I am trying to scrape the text from youtube live chat feeds using casper. I am having problems selecting the correct selector. There are many nested elements and dynamically generated elements for each new message that gets pushed out. How might one go about continually pulling the nested
<span id="message">some message</span>
as they occur? I currently can't seem to grab just even one! Here's my test code: note: you can substitute any youtube url that has a live chat feed.
const casper = require("casper").create({
viewportSize: {
width: 1080,
height: 724
}
});
const ua = 'Mozilla/5.0 (Windows NT 6.1; Win64; x64; rv:47.0) Gecko/20100101 Firefox/47.0'
const url = "https://www.youtube.com/watch?v=NksKCLsMUsI";
casper.start();
casper.userAgent(ua)
casper.thenOpen(url, function() {
this.wait(3000, function() {
if (this.exists("span#message")) {
this.echo("found the a message!");
} else {
this.echo("can't find a message");
}
casper.capture("test.png");
});
});
casper.run();
My question is exactly this. How do i properly select the messages? And 2, how might i continually listen for new ones?

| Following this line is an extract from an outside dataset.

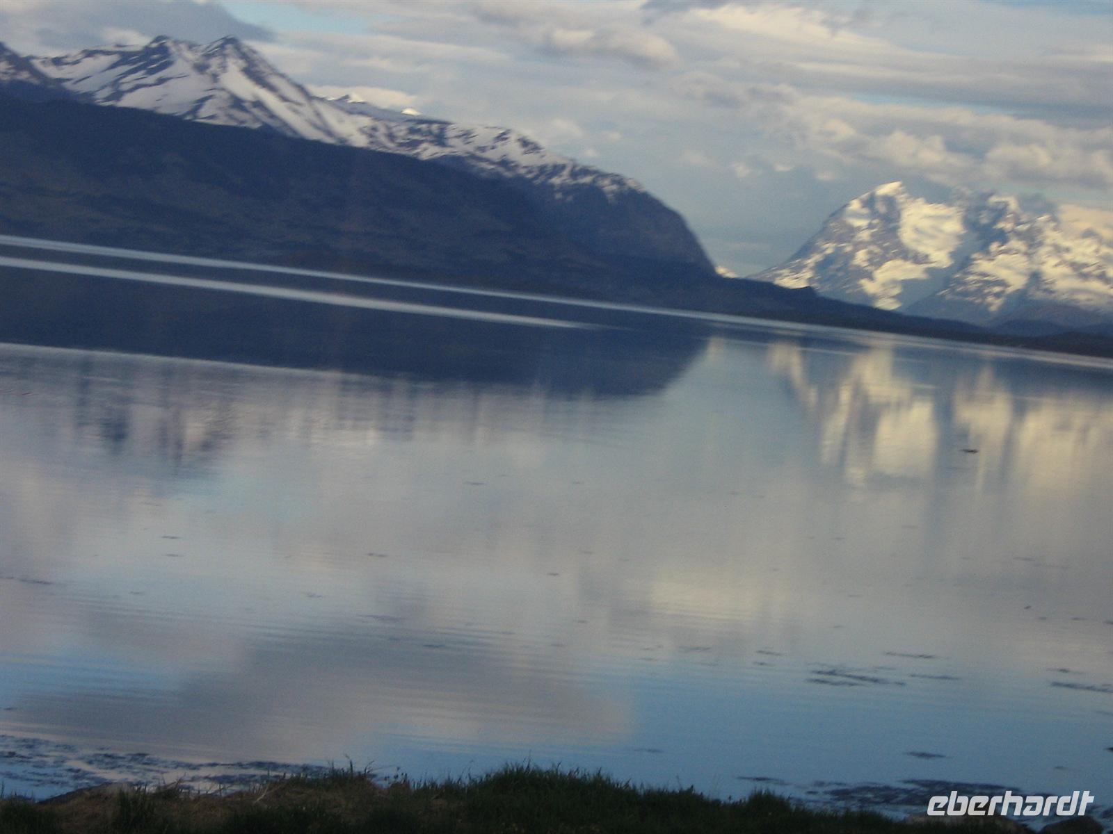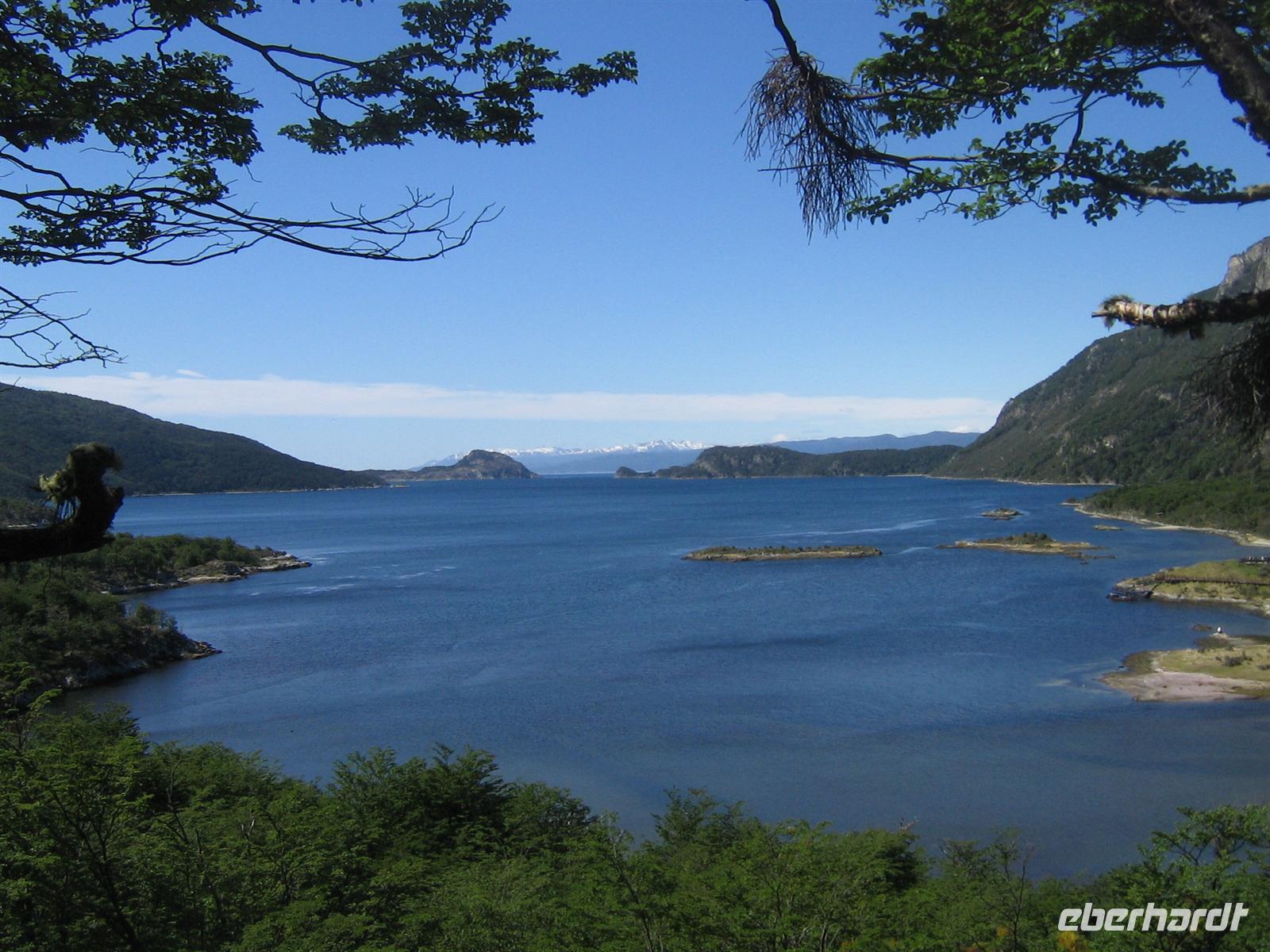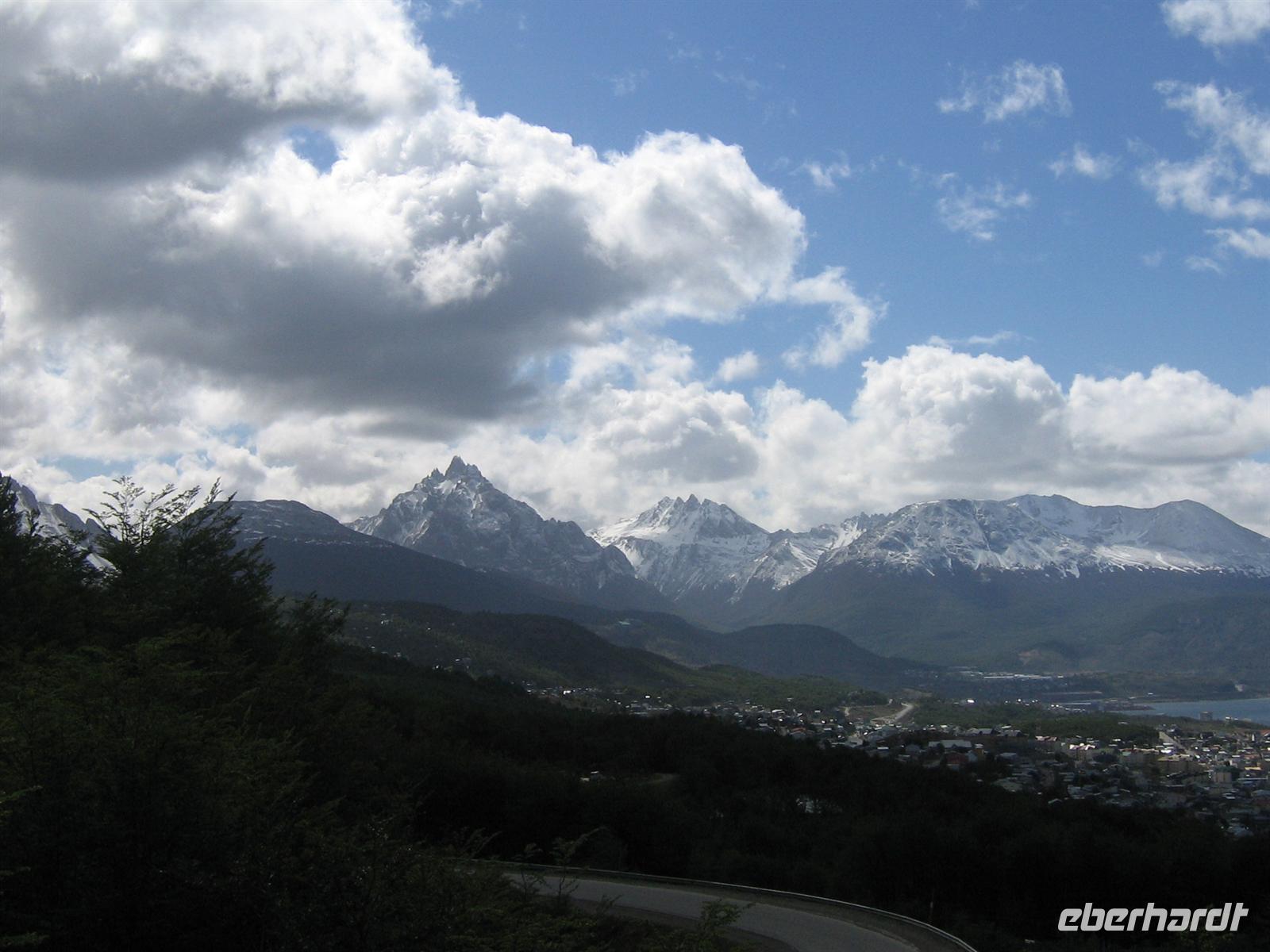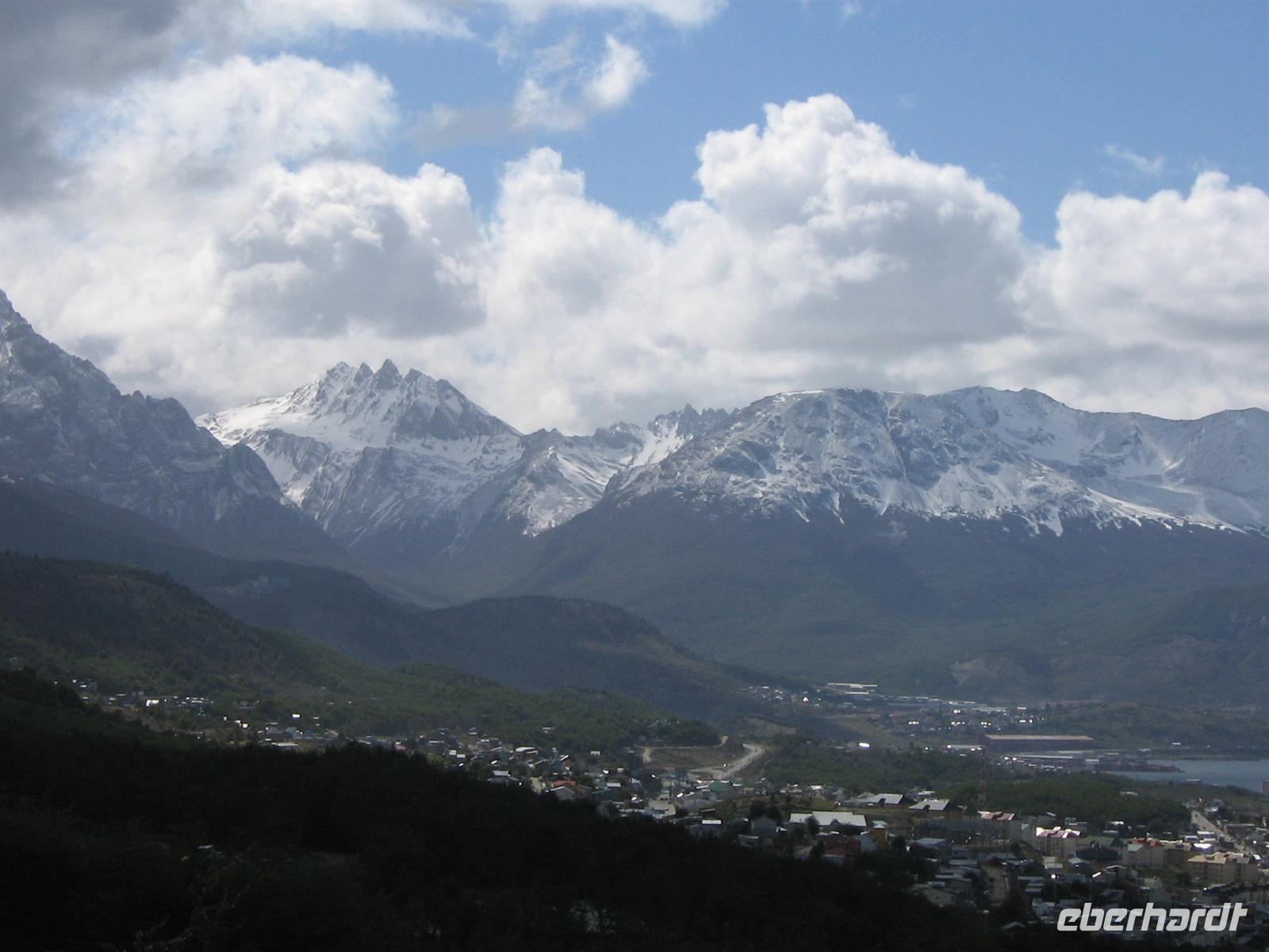 Heute klingelte der Wecker sehr zeitig. Wir fuhren nach Puente Arena zum Hafen. Unterwegs improvisierten wir ein kleines Frühstück im Bus. Mit der Fähre überquerten wir die Magelan-Straße, bei ruhiger See und schönem Wetter, und erreichten Porvenir. Jetzt war es nicht mehr weit bis zur chilenischen Grenze in San Sebastian. Vorher präsentierten wir unser organisiertes Picknick direkt am Atlantik. Neben Wurst und Käse wurden auch selbst hergestellte Sushi gereicht. Da wir gestern wunderschönes Wetter im Nationalpark vorfanden, löste Jürgen seine Wette ein und spendierte die Getränke. Wir erreichen Feuerland, das seinen Namen von seinem Entdecker Magellan bei der Umseglung der Meerenge hat. Er sah in der Dunkelheit die Ufer sehr erhellt von flackernden Feuern. Wir erreichen Rio Grande am Atlantischen Ozean. Jetzt liegen bis nach Ushuaia noch 200 Kilometer vor uns. Es sind alles Asphaltstraßen, jedoch darf man an einigen Stellen nur mit einer Geschwindigkeit von 40 bzw. 60 Kilometer pro Stunde fahren. Wir verließen die Steppenlandschaft und sahen wieder schneebedeckte Berge und tiefe Schluchten. Viele tote Bäume sind ein Zeichen dafür, dass hier Biber ganze Arbeit geleistet haben. Sie wurden aus Kanada mitgebracht. Von ehemals 25 Bibern ist die Population heute auf ca. 3.000 angewachsen. Da sie keine natürlichen Feinde haben, können sie sich schnell vermehren. Nach einer langen Fahrt erreichten wir endlich Ushuaia. Wir waren alle sehr müde und so gingen wir nach dem Abendessen gleich schlafen.

UPDATE: I have been playing with nightmare (electron testing suite) and that is looking promising however I still can't seem to select the chat elements. I know i'm missing something simple.
EDIT / UPDATE (using cadabra's fine example)
var casper = require("casper").create({
viewportSize: {
width: 1024,
height: 768
}
});
url = 'https://www.youtube.com/live_chat?continuation=0ofMyAMkGiBDZzhLRFFvTFJVRTFVVlkwZEV4MFRFVWdBUSUzRCUzRDAB'
ua = 'Mozilla/5.0 (Windows NT 6.1; Win64; x64; rv:47.0) Gecko/20100101 Firefox/47.0'
casper.start(url)
casper.userAgent(ua);
var currentMessage = '';
(function getPosts() {
var post = null;
casper.wait(1000, function () {
casper.capture('test.png')
post = this.evaluate(function () {
var nodes = document.querySelectorAll('yt-live-chat-text-message-renderer'),
author = nodes[nodes.length - 1].querySelector('#author-name').textContent,
message = nodes[nodes.length - 1].querySelector('#message').textContent;
return {
author: author,
message: message
};
});
});
casper.then(function () {
if (currentMessage !== post.message) {
currentMessage = post.message;
this.echo(post.author + ' - ' + post.message);
}
});
casper.then(function () {
getPosts();
});
})();
casper.run();